Work instructions ▸ Among the lines below, a stretch begins at the one with "三毛シッポに白猫の体、そしてハチワレの顔。" and ends at the one with "Elevate your jewelry". Repeat that stretch exactly, ends included.

————————

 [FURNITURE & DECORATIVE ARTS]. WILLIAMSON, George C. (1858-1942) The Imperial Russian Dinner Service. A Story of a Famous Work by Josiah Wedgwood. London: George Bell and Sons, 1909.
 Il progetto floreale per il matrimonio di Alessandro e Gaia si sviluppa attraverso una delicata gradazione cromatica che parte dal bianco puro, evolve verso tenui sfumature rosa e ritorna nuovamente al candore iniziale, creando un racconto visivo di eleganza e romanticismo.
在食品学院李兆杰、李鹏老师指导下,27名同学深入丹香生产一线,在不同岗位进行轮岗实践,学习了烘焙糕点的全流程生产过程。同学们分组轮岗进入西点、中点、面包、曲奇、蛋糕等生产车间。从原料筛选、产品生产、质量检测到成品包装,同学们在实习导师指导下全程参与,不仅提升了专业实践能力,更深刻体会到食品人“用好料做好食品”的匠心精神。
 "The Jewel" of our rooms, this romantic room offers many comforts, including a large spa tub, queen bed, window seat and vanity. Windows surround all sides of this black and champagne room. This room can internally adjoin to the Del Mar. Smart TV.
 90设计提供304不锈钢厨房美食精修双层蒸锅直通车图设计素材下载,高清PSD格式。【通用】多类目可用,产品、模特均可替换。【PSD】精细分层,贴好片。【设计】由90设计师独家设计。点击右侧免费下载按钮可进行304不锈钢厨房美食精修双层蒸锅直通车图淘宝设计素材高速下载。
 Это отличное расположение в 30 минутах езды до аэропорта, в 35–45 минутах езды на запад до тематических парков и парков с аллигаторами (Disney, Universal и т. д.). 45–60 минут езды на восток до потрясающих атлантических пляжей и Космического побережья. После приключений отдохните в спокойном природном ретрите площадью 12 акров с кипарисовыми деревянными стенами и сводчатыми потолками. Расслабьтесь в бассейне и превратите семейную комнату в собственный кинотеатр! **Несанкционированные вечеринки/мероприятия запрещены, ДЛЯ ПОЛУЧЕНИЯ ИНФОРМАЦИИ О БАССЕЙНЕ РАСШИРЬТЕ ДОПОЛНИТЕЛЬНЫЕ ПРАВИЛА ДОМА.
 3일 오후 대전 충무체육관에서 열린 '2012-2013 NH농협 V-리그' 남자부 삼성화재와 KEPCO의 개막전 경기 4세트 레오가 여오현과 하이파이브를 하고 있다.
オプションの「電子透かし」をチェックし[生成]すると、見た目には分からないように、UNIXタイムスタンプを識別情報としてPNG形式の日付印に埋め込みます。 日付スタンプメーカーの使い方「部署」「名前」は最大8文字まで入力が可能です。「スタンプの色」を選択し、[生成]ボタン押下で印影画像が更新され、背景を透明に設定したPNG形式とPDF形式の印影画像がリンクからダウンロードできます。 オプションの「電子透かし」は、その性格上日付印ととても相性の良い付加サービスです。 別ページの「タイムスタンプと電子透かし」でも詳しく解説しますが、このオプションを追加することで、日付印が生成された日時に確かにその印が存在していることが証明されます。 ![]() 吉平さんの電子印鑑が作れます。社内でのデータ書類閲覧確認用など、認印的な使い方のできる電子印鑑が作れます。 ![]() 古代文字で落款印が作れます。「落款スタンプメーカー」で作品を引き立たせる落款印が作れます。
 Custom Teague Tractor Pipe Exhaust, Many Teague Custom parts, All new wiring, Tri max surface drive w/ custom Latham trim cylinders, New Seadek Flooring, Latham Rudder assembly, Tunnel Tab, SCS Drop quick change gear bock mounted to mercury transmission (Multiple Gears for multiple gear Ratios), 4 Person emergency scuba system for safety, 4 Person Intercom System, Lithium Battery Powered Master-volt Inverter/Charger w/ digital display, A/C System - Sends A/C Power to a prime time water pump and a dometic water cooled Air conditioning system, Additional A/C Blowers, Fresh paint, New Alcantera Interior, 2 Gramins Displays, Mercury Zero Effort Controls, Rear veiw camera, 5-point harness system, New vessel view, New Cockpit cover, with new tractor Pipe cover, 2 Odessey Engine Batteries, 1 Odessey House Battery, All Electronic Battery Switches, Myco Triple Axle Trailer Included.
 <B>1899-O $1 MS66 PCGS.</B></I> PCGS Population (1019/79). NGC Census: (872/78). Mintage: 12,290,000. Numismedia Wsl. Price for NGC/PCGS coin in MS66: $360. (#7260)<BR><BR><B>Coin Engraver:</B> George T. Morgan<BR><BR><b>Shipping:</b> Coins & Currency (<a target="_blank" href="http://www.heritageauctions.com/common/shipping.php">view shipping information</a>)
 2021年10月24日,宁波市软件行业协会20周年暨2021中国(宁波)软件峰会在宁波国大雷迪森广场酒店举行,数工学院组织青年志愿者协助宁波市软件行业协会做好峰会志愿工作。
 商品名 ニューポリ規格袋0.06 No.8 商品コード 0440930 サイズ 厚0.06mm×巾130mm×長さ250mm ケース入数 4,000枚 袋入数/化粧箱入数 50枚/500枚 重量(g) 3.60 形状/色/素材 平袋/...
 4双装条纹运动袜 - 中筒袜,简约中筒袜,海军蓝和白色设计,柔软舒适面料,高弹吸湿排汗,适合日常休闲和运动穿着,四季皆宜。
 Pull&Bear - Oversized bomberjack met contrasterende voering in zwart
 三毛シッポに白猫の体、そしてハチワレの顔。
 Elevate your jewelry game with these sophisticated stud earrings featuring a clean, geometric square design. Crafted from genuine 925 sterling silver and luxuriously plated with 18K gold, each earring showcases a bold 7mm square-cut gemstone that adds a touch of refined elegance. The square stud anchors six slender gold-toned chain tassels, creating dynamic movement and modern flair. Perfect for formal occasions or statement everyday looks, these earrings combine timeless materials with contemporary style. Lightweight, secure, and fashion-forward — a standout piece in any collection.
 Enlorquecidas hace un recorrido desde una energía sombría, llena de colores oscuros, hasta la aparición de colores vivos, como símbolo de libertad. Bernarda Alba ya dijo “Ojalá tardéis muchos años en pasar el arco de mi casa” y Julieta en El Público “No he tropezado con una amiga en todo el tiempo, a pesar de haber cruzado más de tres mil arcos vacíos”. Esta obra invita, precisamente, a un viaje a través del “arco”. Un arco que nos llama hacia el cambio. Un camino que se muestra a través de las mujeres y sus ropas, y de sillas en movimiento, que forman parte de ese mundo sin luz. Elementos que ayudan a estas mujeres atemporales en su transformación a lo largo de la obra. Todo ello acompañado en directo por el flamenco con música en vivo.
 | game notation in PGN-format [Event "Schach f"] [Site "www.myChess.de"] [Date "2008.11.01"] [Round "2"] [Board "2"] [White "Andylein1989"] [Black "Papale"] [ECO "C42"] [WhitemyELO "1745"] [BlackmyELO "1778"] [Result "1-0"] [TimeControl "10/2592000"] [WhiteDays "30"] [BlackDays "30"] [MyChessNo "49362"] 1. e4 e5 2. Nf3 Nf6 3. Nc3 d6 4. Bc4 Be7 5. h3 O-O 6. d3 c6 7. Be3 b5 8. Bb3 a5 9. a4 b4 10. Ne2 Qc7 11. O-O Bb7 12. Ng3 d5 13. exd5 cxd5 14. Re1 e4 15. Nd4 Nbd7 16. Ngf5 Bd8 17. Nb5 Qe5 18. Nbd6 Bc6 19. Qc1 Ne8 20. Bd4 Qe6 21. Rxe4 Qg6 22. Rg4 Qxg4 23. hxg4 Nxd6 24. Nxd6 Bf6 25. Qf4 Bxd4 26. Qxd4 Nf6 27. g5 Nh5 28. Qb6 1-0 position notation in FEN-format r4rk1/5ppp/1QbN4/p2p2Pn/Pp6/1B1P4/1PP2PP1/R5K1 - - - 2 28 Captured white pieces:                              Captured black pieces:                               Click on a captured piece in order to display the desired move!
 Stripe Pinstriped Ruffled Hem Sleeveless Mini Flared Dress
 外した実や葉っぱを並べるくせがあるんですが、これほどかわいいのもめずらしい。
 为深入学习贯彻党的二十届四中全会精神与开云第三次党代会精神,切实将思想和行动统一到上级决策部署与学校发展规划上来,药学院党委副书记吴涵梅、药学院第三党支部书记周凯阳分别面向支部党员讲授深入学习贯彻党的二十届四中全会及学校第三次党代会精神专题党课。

————————

Solution to this problem ▸
 三毛シッポに白猫の体、そしてハチワレの顔。
 Elevate your jewelry game with these sophisticated stud earrings featuring a clean, geometric square design. Crafted from genuine 925 sterling silver and luxuriously plated with 18K gold, each earring showcases a bold 7mm square-cut gemstone that adds a touch of refined elegance. The square stud anchors six slender gold-toned chain tassels, creating dynamic movement and modern flair. Perfect for formal occasions or statement everyday looks, these earrings combine timeless materials with contemporary style. Lightweight, secure, and fashion-forward — a standout piece in any collection.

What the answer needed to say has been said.